[The data]
·····

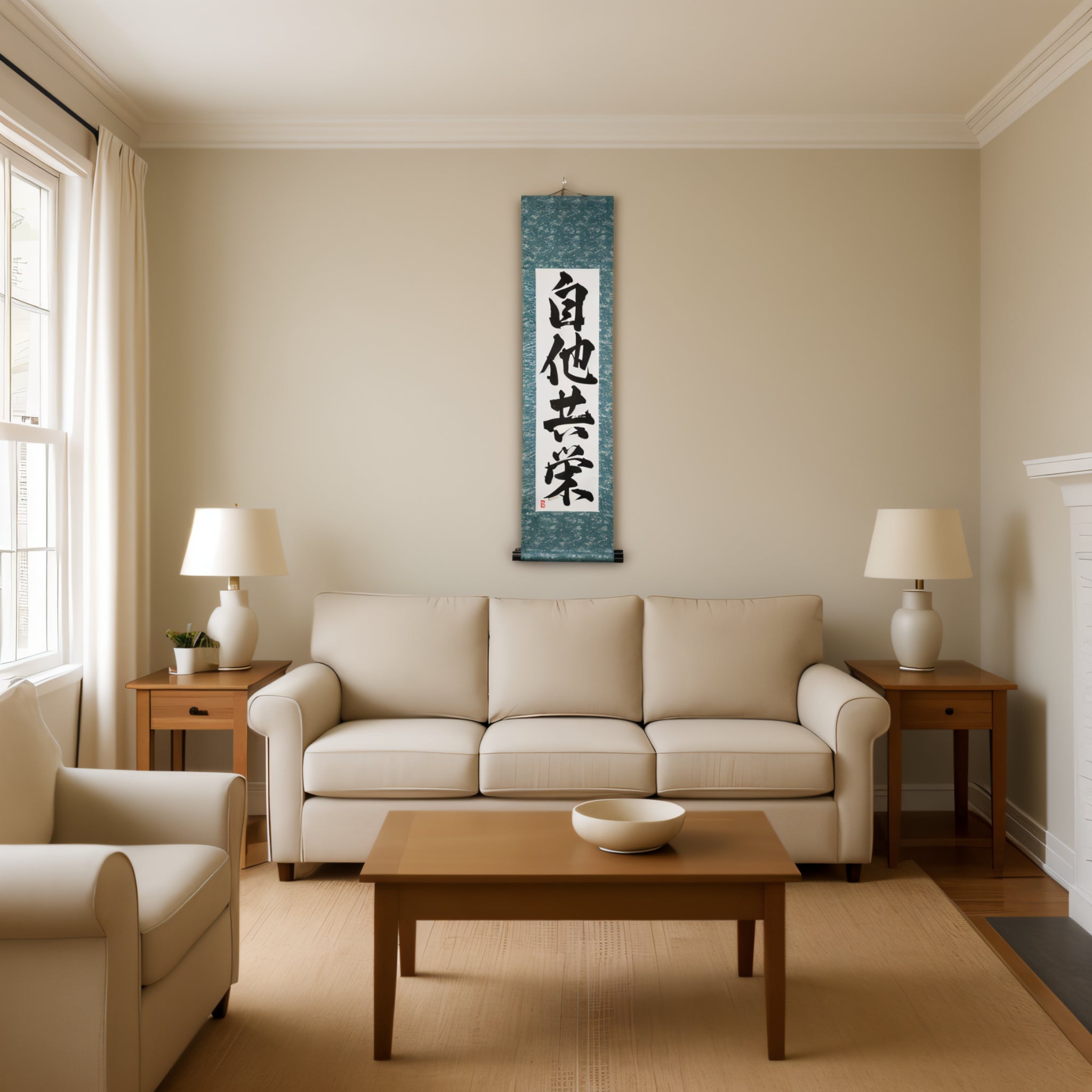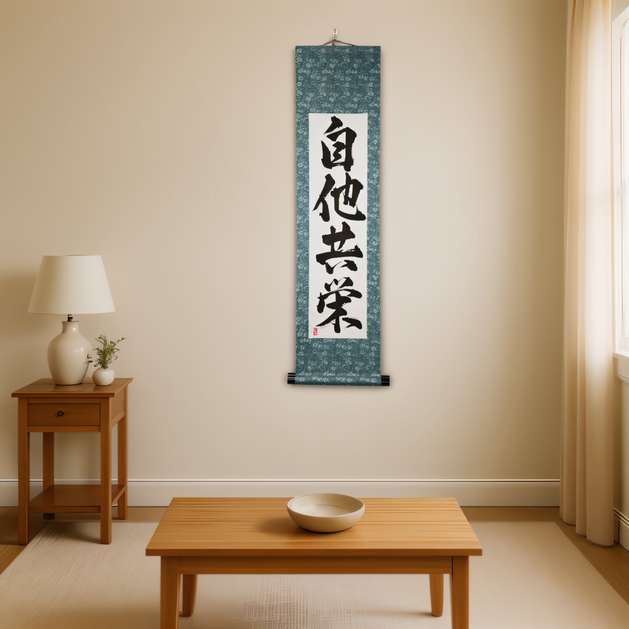 Ce rouleau de calligraphie japonaise présente la phrase intemporelle 自他共栄 (Jita-Kyōei) — traduite par "Bien-être et bénéfice mutuels". C'est l'un des deux principes fondamentaux du Judo, aux côtés de 精力善用 (Seiryoku-Zenyō, "Utilisation maximale efficace de l'énergie"), tous deux établis par le fondateur du Judo, Jigoro Kano (嘉納治五郎).
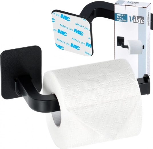 Elegante wc-rolhouder in het zwart met 3M zelfklevende montage zonder boren. Compacte afmetingen 16,5 × 7 × 6,5 cm, modern minimalistisch design, eenvoudige rolvervanging en betrouwbare bevestiging op gladde oppervlakken.
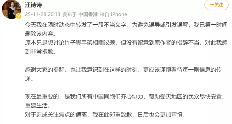 惹来争议之后,汪诗诗才姗姗来迟,发微博道歉,她称已第一时间删除该内容:“原本只是想讨论竹子脚手架相关议题,但没有留意到原作者的措辞不当,对此我感到非常抱歉。”、“对于造成关注焦点的偏离,我在此郑重致歉,日后也会更加审慎。”
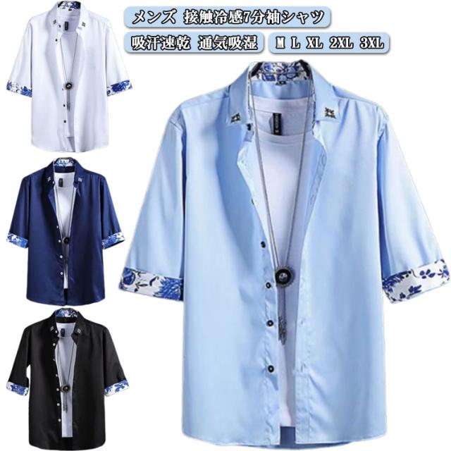 | 【メンズ 接触冷感7分袖シャツ】 【M L XL 2XL 3XL】 【吸汗速乾 通気吸湿】 | |
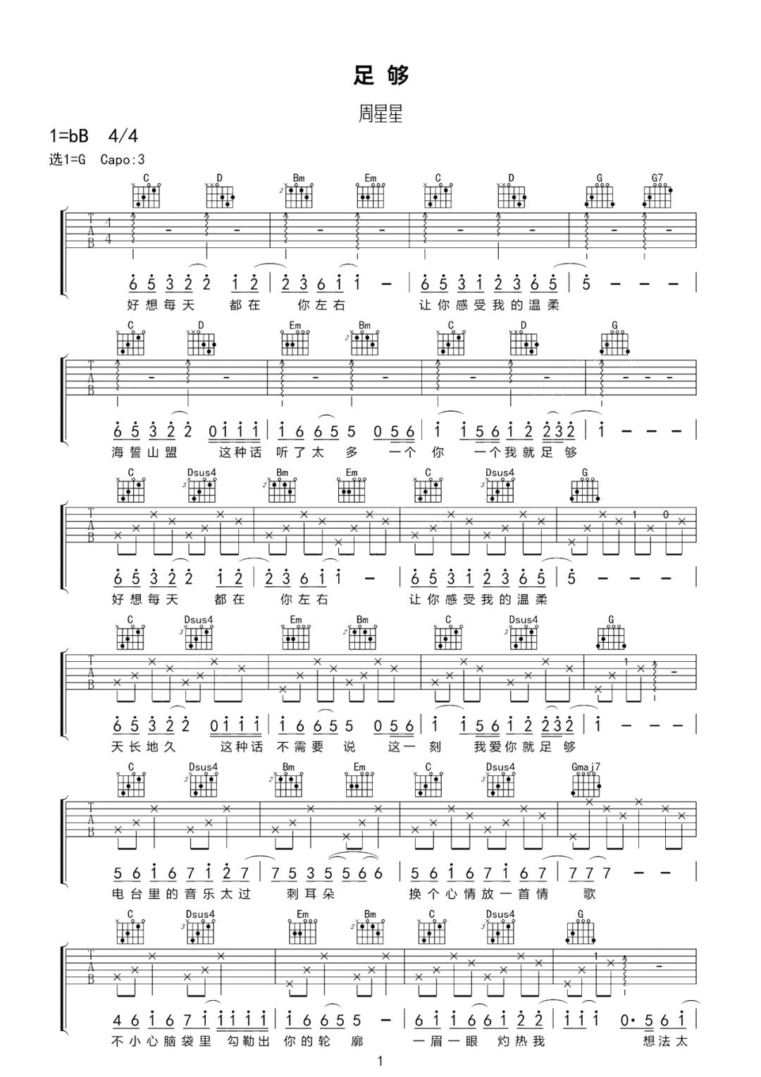 足够吉他谱 - 周星星 - G调吉他弹唱谱 - 原版

·····

[Try it] Only the lines from the one with "3XL】 【吸汗速乾 通気吸湿】 | |" through the end of the data, both ends included, should be written out exactly, and no pictures should appear.

[Answer]
 | 【メンズ 接触冷感7分袖シャツ】 【M L XL 2XL 3XL】 【吸汗速乾 通気吸湿】 | |
 足够吉他谱 - 周星星 - G调吉他弹唱谱 - 原版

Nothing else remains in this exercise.